Minister of Justice and Attorney General
- In office September 15, 1994 – March 26, 1997
- Preceded by: Ken Rostad
- Succeeded by: Jon Havelock

Personal details
- Born: August 15, 1950 (age 75) Edmonton, Alberta
- Party: Progressive Conservative
- Education: University of Alberta
- Occupation: Lawyer

= Brian Evans (politician) =

Canadian politician

Brian John Evans (born August 18, 1950) is a Canadian lawyer and former provincial level politician from Alberta, Canada. He served as a member of the Legislative Assembly of Alberta from 1989 to 1997. During his time in office, he served as a cabinet minister in the Ralph Klein government.
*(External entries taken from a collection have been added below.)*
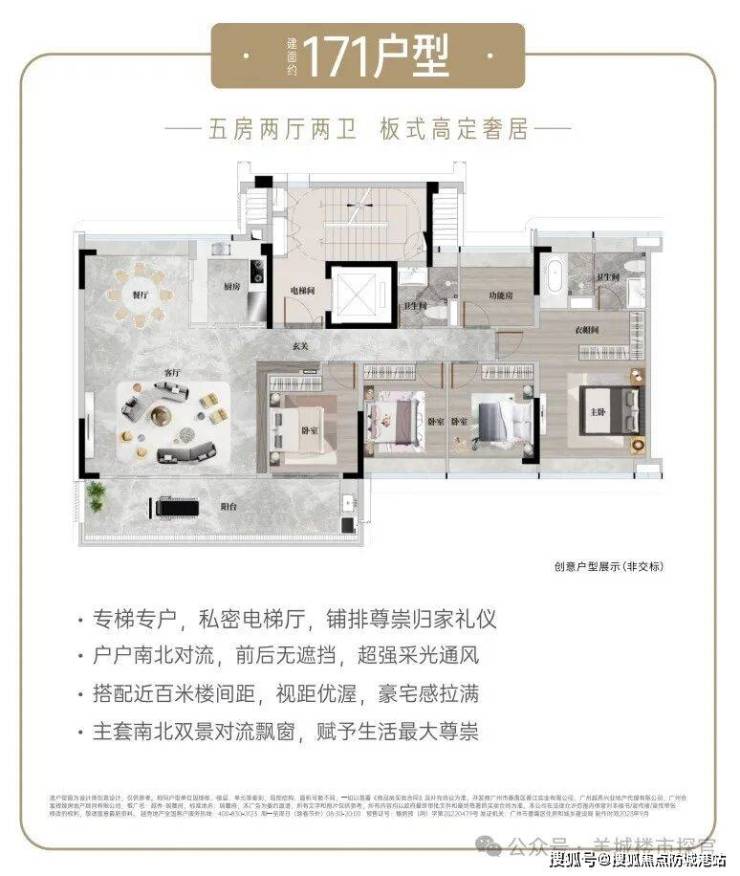 建面约171㎡奢适五房:低密8F小高层,专梯入户,五房设计,适合三代同堂居住。
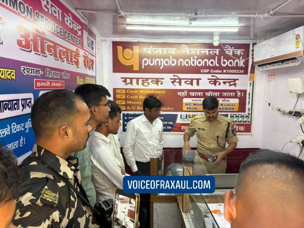 रक्सौल (पूर्वी चंपारण)।(Vor desk)।: भारत-नेपाल सीमा क्षेत्र के रक्सौल प्रखंड अंतर्गत सिसवा गांव में बुधवार को पुलिस और प्रशासन की संयुक्त टीम ने एक बड़े फर्जीवाड़ा गिरोह का भंडाफोड़ किया है। अनुमंडल पदाधिकारी मनीष कुमार और प्रशिक्षु आईपीएस सह रक्सौल थानाध्यक्ष हेमंत सिंह के नेतृत्व में सिसवा चौक स्थित एक कॉमन सर्विस सेंटर (सीएससी) पर अचानक छापेमारी की गई। गुप्त सूचना के आधार पर हुई इस कार्रवाई के दौरान केंद्र पर अफरा-तफरी मच गई और भारी भीड़ जमा हो गई।
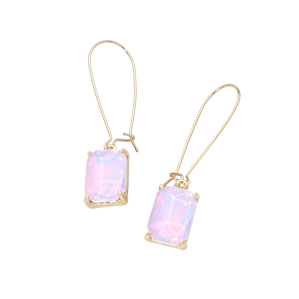 Rectangular Glass Stone Long Drop Dangle Earrings
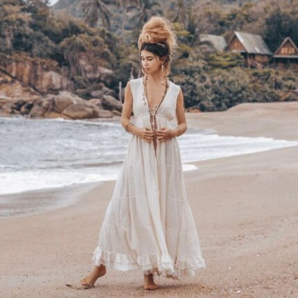 Sheer Cotton Voile Maxi Dress: Boho Beach Wedding Gown – Beata
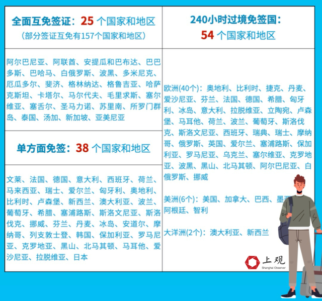 2024年12月17日,过境免签政策再次扩容,将过境免签外国人在境内停留时间由原72小时和144小时均延长为240小时(10天),同时新增21个口岸为过境免签人员入出境口岸,并进一步扩大停留活动区域。不完全统计,自2023年3月以来,我国发布对外国免签政策18条。全面互免签证国家和地区共25个,240小时过境签免签国家和地区54个。
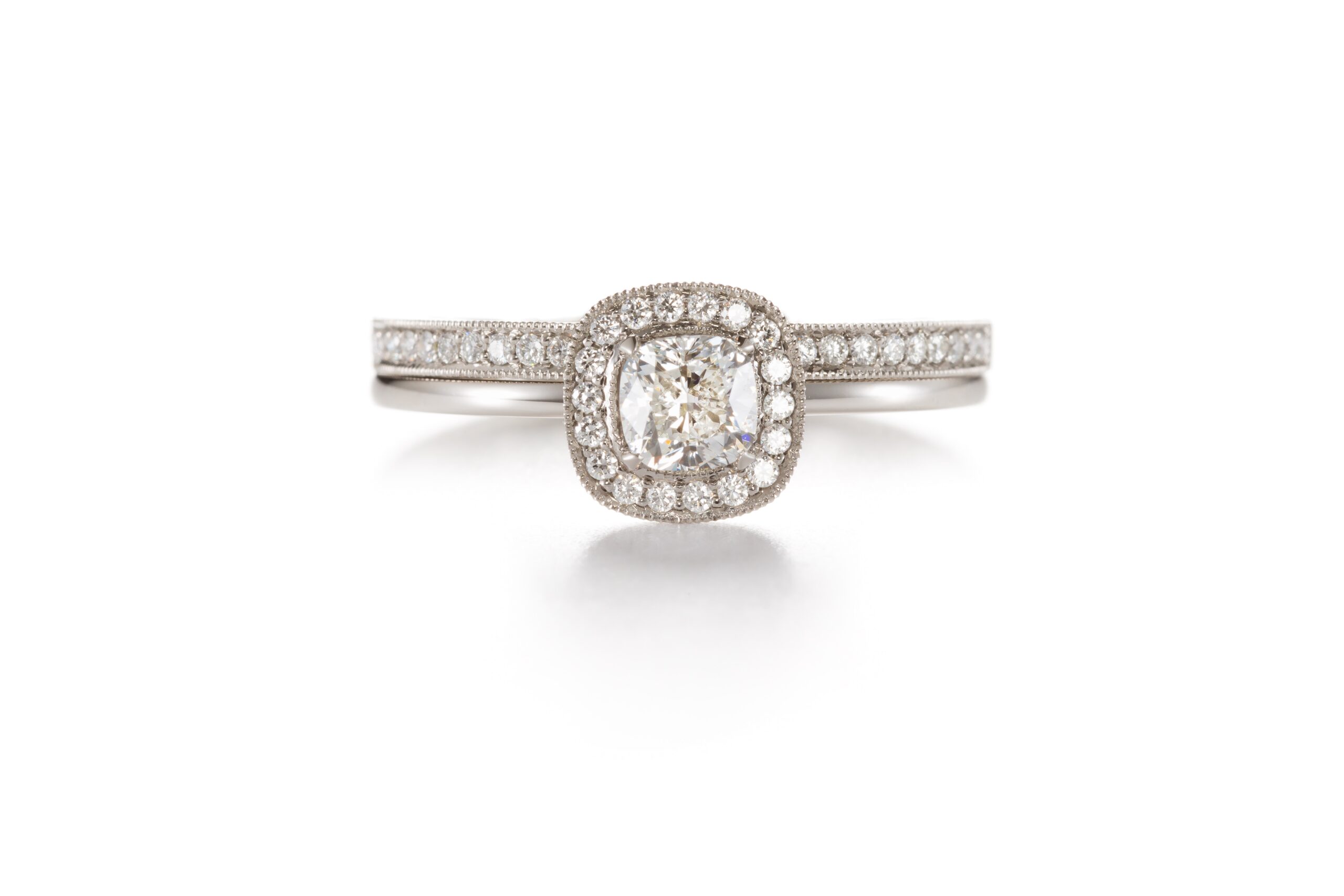 | Stones | Brilliant cut diamonds 0.065cts, Brilliant cut diamonds 0.13ct, Cushion cut diamond 0.50ct H/vs1 |
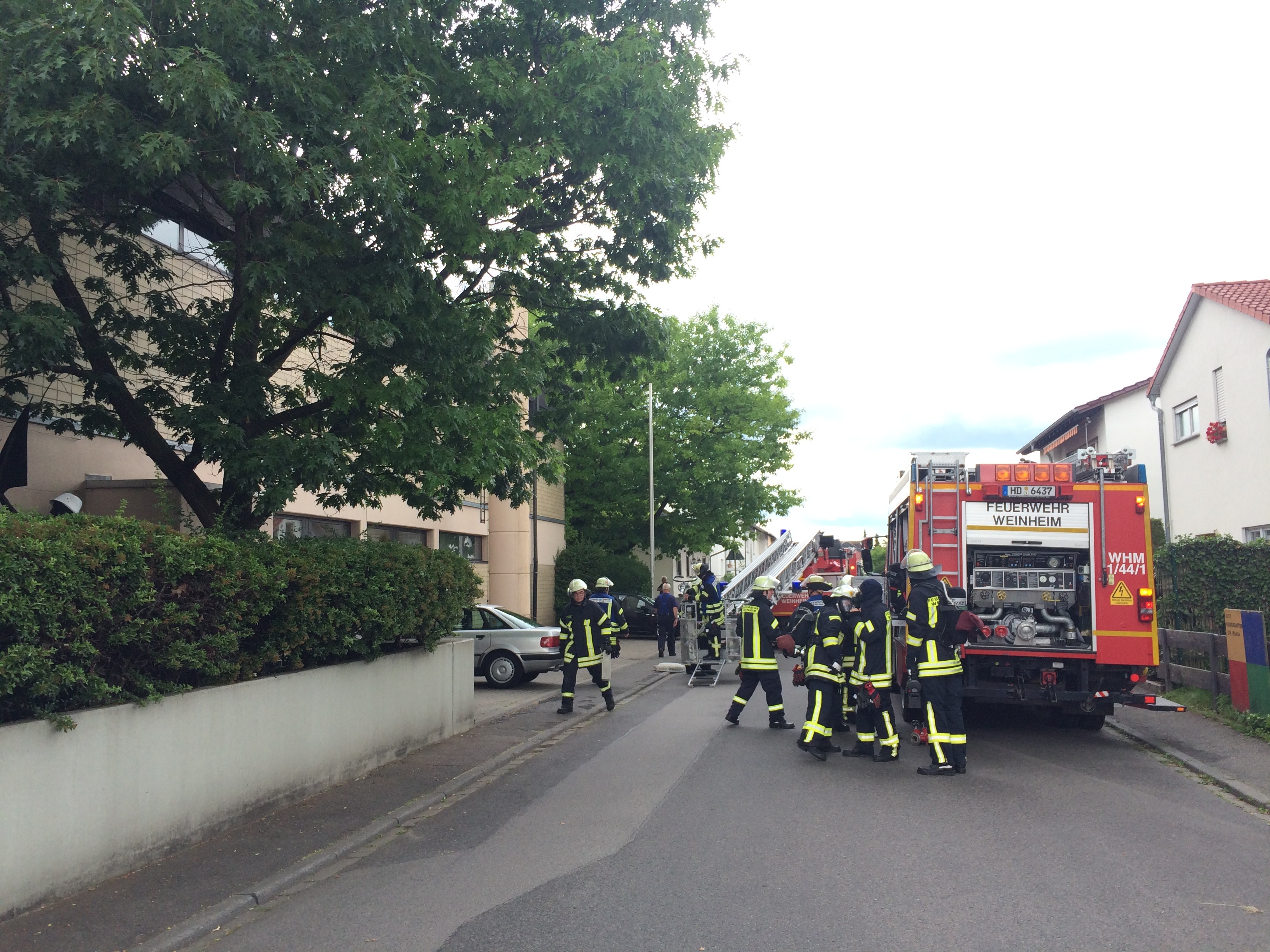 Während erste Trupps ins Gebäude zur Menschenrettung und Brandbekämpfung vorgingen, wurde parallel die Wasserversorgung aufgebaut. Mit Hilfe des Einsatzleitwagens der Feuerwehr wurde die Einsatzstelle strukturiert, Funkkanäle vergeben und mehrere Abschnitte gebildet. Außerdem wurde die Drehleiter in Stellung gebracht und mit Lüftern die Entrauchung des Gebäudes vorbereitet. Ziel der Übung war vor allem die Absprache untereinander zu verbessern. Gerade bei der Größe des Objekts war hier Koordination innerhalb der eingesetzten Trupps unter Atemschutz sehr wichtig um schnell und flächendeckend den verrauchten Keller nach Personen abzusuchen. Auch die Führungskräfte waren gefordert Absprachen zu treffen um den Einsatz schnell und zielführend abzuarbeiten. Hilfreich war hier auch der Einsatz eines Feuerwehrplans der für das Gemeindezentrum zur Verfügung steht. Der Feuerwehrplan ist ein vorbereiteter Plan für die Brandbekämpfung und für Rettungsmaßnahmen an besonderen Orten oder Objekten. Feuerwehrpläne gibt es inzwischen für viele Gebäude im Weinheimer Stadtgebiet. Sie stehen als Führungsmittel zur Verfügung und dienen der Einsatzvorbereitung, der besseren Orientierung sowie der Beurteilung der Lage.
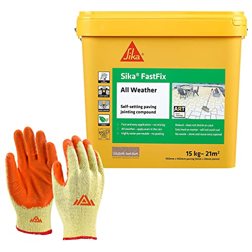 Sika Fast Fix All Weather-Ready to Use, Self-Setting Paving Jointing Compound for Any Weather, Suitable for Stones Setts, Paving Block and Footpaths 15kg - 21 sq.m Dark Buff with Free Gloves

==Education and law career==
Born in Edmonton, Alberta, the son of Cecil Road and Margaret Anne (Peters), Evans received a Bachelor of Arts degree in 1971 and a Bachelor of Law degree in 1975 from the University of Alberta. He articled with the Edmonton law firm of Emery Jamieson until opening Canmore, Alberta's first full-time law office in 1976, the year he was called to the Alberta Bar. He was created a Queen's Counsel in 1990.

==Political career==
Evans was first elected to the Alberta Legislature in the 1989 Alberta general election. He defeated two other candidates to win his first term in office, and hold the Banff-Cochrane electoral district for the Progressive Conservatives. He was re-elected with an increased popular vote and comfortable majority to win his second term in the 1993 Alberta general election defeating four challenging candidates. Evans faced a strong challenge from Liberal candidate Paula Andrews who quadrupled the Liberal vote from the previous election. After winning his second term he was appointed by Premier Ralph Klein to be the Minister of Justice and Attorney General. He retired at dissolution of the Legislature in 1997.

==Return to private life==
In 1997, Evans became a senior partner with the law firm of Miller Thomson LLP. In 2006, he joined the Werklund Group.